Records to process:
________

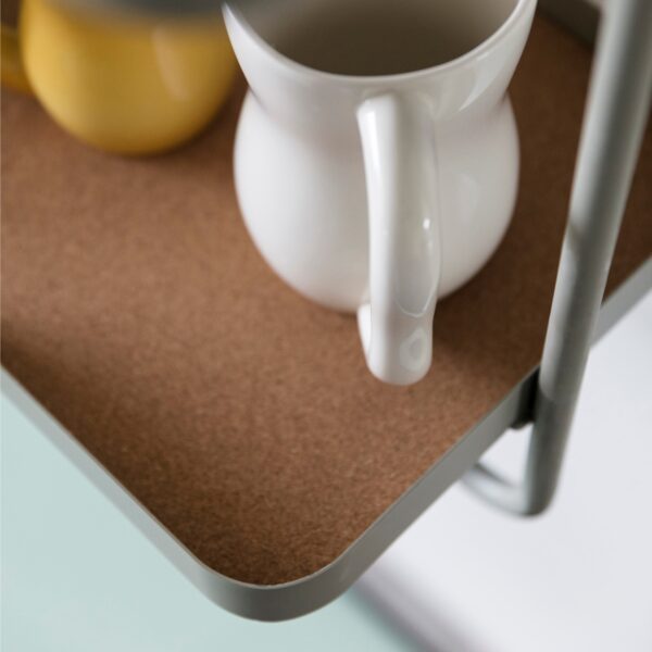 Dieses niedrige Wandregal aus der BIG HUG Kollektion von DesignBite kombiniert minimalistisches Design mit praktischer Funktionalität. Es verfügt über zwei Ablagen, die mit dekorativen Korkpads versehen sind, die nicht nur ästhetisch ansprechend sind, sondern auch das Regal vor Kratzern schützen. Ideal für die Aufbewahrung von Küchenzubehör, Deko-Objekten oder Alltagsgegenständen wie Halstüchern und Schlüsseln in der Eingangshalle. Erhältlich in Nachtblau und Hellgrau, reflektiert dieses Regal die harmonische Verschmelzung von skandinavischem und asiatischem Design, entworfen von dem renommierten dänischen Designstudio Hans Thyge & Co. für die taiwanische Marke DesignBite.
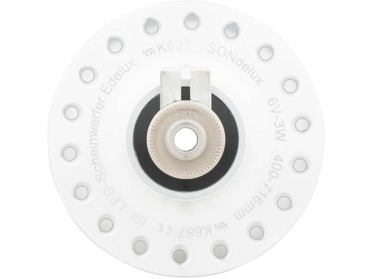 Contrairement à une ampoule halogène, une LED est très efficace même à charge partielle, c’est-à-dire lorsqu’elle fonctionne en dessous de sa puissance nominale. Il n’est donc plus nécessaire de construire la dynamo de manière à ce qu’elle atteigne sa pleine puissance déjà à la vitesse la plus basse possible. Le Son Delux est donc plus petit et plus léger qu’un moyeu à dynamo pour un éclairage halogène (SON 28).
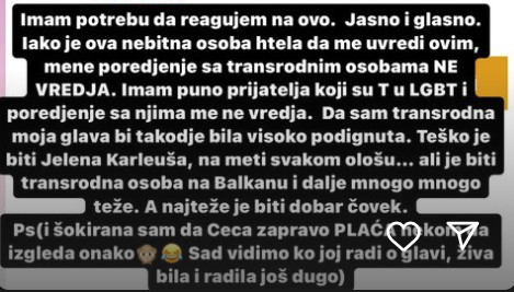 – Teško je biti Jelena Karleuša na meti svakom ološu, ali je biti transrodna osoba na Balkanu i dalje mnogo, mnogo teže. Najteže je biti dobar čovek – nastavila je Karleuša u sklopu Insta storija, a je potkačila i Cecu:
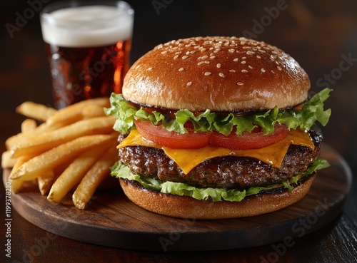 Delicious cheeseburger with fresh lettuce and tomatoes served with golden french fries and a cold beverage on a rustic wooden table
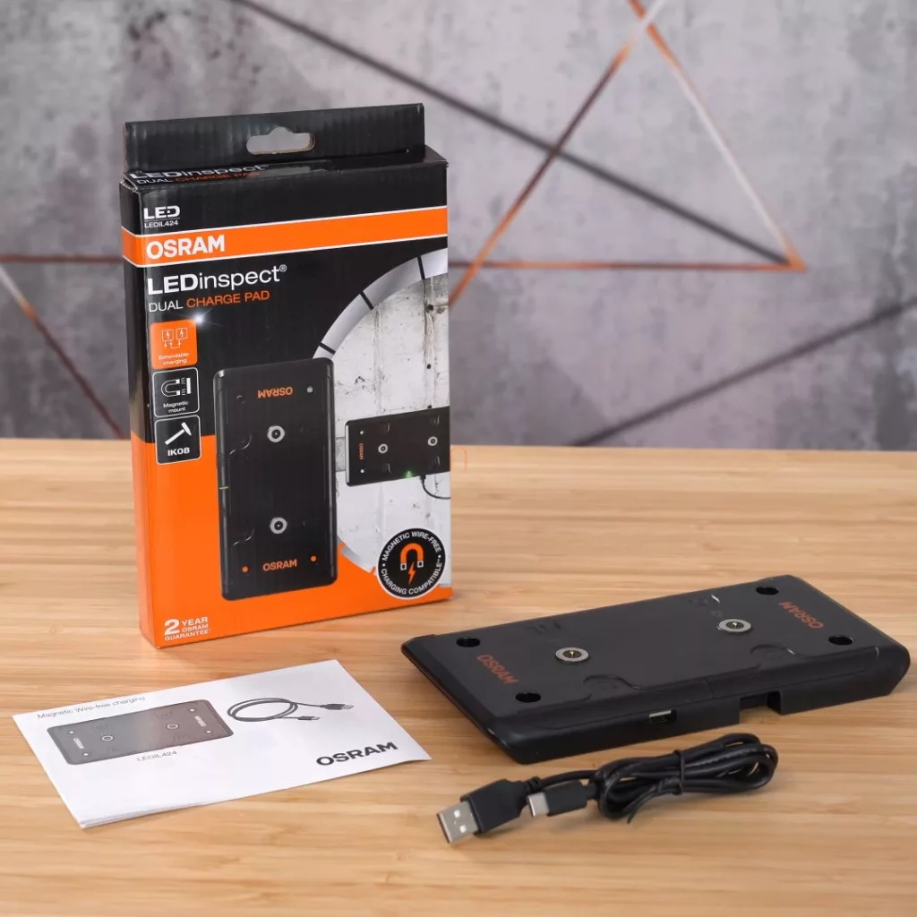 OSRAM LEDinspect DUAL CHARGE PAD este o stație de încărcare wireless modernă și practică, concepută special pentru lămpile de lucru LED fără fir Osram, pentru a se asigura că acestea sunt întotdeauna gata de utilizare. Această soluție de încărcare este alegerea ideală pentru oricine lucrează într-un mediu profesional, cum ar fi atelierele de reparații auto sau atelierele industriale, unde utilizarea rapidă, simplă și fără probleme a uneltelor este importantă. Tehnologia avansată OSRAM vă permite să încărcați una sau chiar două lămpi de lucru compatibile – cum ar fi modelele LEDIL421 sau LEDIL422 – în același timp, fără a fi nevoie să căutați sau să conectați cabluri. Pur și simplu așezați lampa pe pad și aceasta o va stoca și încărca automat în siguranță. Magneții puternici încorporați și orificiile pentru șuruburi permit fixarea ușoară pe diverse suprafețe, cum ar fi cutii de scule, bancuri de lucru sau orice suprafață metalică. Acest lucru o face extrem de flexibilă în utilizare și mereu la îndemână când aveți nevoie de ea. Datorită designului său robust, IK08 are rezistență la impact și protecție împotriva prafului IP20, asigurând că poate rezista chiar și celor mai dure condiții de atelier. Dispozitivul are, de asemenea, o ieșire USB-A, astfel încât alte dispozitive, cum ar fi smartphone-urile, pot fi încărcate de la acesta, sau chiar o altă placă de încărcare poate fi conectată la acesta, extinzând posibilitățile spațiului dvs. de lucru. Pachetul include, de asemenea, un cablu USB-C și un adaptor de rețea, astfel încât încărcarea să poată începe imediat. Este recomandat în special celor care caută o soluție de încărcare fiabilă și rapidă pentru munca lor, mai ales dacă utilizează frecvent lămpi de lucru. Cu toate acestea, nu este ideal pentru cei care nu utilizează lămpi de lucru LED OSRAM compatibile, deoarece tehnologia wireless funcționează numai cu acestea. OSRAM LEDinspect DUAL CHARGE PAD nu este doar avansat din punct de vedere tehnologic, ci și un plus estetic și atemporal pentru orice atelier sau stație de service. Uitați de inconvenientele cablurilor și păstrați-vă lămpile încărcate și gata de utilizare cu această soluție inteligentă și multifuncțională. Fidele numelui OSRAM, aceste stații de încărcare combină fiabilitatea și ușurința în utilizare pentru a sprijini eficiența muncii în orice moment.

________

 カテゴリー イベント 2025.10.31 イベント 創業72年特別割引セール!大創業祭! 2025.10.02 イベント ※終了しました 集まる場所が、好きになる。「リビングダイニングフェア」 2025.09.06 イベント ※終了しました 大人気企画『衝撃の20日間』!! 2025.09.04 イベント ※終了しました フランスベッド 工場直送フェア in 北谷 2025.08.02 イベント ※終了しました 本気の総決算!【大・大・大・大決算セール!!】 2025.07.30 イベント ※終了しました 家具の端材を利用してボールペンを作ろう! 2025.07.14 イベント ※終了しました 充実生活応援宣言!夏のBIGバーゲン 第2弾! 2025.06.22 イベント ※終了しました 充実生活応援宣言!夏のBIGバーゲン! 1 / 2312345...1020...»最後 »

________

What you should do:
All lines above from the one containing "Dieses niedrige Wandregal" up to and including the one containing "Contrairement à une" are to be set down exactly, and nothing else. Leave images out.

Output for this task:
 Dieses niedrige Wandregal aus der BIG HUG Kollektion von DesignBite kombiniert minimalistisches Design mit praktischer Funktionalität. Es verfügt über zwei Ablagen, die mit dekorativen Korkpads versehen sind, die nicht nur ästhetisch ansprechend sind, sondern auch das Regal vor Kratzern schützen. Ideal für die Aufbewahrung von Küchenzubehör, Deko-Objekten oder Alltagsgegenständen wie Halstüchern und Schlüsseln in der Eingangshalle. Erhältlich in Nachtblau und Hellgrau, reflektiert dieses Regal die harmonische Verschmelzung von skandinavischem und asiatischem Design, entworfen von dem renommierten dänischen Designstudio Hans Thyge & Co. für die taiwanische Marke DesignBite.
 Contrairement à une ampoule halogène, une LED est très efficace même à charge partielle, c’est-à-dire lorsqu’elle fonctionne en dessous de sa puissance nominale. Il n’est donc plus nécessaire de construire la dynamo de manière à ce qu’elle atteigne sa pleine puissance déjà à la vitesse la plus basse possible. Le Son Delux est donc plus petit et plus léger qu’un moyeu à dynamo pour un éclairage halogène (SON 28).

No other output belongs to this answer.